A recent and popular slogan in American education is that all children can learn to the same high levels. This is news to parents, teachers, and the public; it defies everything we know and appreciate about human differences. But reformers are nonetheless insisting that we establish a single set of “world-class”  performance standards and that schools be held accountable for getting all their students to achieve at that level.…

If we set a single standard, we essentially have two choices. One is to set the standard high. That is desirable, especially since we are talking about “world-class.” Unfortunately, most of our students would not reach it. … [It] would produce intense pressure to lower the standard, and we would effectively be back where we started.

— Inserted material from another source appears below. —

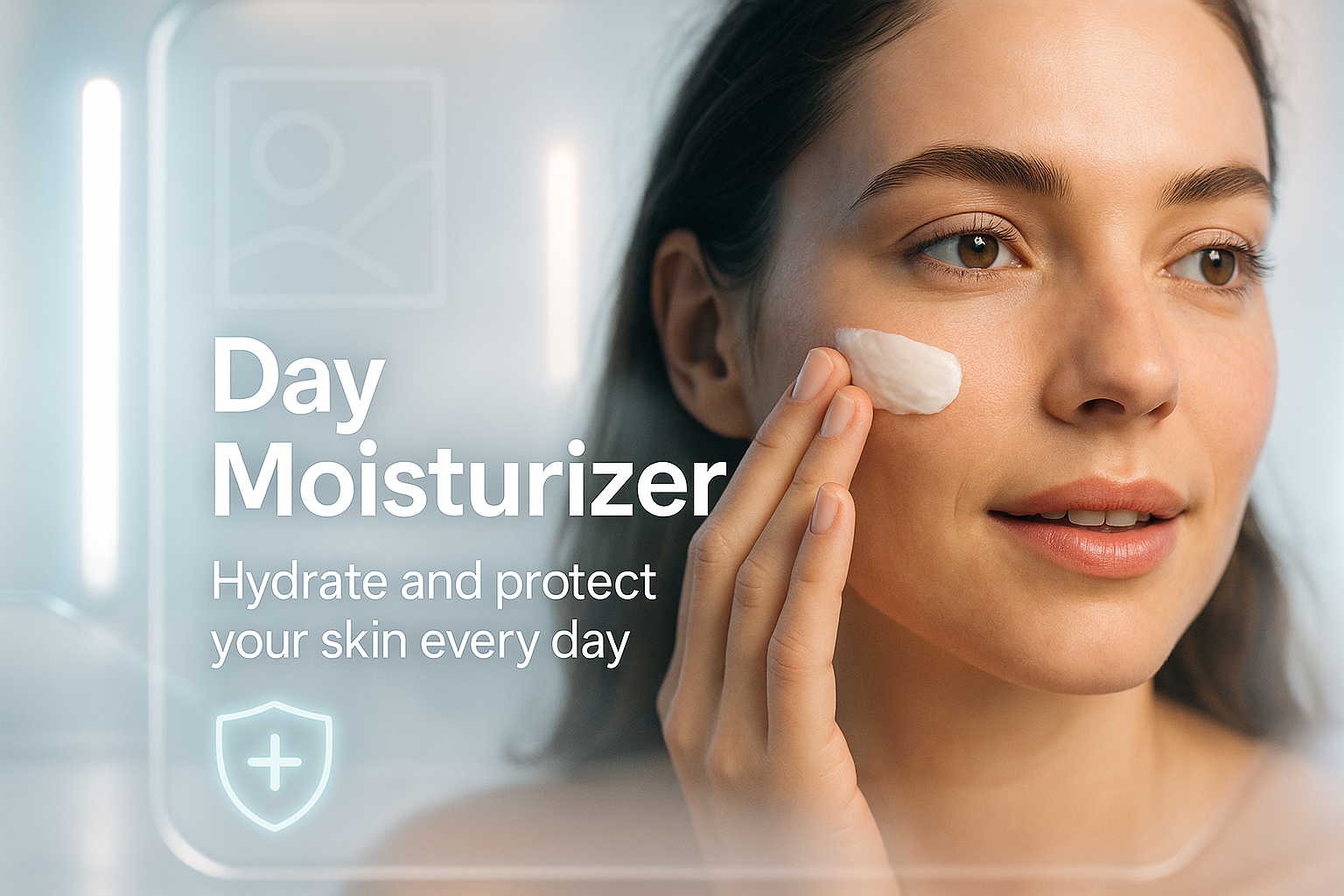 /Collection: /by davooda/Type: PNG/Engaging skincare advertisement showcasing a woman applying moisturizer, emphasizing hydration and protection. The modern design is ideal for social media or e-commerce use.

The other choice is to set the standard low, perhaps slightly higher than the minimum competency standard we now have but at a level that would be attainable by virtually all of our students. We could then congratulate ourselves for raising the floor of achievement, but we will have missed an opportunity to raise the ceiling and to move up the middle as well. If we can do better by all students by acknowledging that they, like all human beings, differ in their capacities, motivations, and interests, then why settle for a new minimum competency standard disguised in “world-class” rhetoric?

This issue is not solved by just having a single set of standards, or by a single test. To have the same meaning for “proficiency,” the test must also have a uniform definition of cut scores for all states that define the various achievement levels. Yet the national assessment consortia have been notably mealy mouthed on this issue — in their presentations to the California State Board of Education this March, both consortia indicated a flexibility to allow each state to set its own cut scores.

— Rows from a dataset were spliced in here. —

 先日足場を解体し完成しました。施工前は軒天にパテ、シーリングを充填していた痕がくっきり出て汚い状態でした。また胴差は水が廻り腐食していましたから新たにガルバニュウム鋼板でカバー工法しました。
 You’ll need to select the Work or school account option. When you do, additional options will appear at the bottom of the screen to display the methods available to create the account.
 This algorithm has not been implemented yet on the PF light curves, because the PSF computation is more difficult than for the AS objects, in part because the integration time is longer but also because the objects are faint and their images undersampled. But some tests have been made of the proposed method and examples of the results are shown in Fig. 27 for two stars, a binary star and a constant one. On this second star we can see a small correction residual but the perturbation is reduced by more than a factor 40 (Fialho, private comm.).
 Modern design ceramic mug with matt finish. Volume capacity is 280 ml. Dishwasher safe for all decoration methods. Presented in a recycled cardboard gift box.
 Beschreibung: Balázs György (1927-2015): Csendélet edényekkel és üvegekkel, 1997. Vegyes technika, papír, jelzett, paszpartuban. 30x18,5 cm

Makes one wonder how the new ideological partners, Fordham and AFT, will resolve this underlying tension between them.

[Ze’ev Wurman is an executive at a Silicon Valley start-up and was a senior policy adviser in the U.S. Department of Education.  Bill Evers is a research fellow at Stanford University’s Hoover Institution and a member of the institution’s Koret Task Force on K-12 Education.]

3 Responses to Single Standard vs. Multiple Standards (Or Checker vs. Shanker)

  1. GGW says:

    Let’s assume each state sets their own cut score exactly where they do now, in terms of reverse-engineering so large numbers of kids pass.

    So Massachusetts calls proficiency “X.” Alabama calls it “X – some large number.” Makes things more transparent, right?

    It’s really Alabama et al that — appropriately and probably helpfully — ends up with the unpleasant decision you describe. If they continue to name proficiency as “X – some large number” and some of their voters would be upset.

    At some point they may even, you know, require Direct Instruction in their elementary schools, so kids actually become better readers.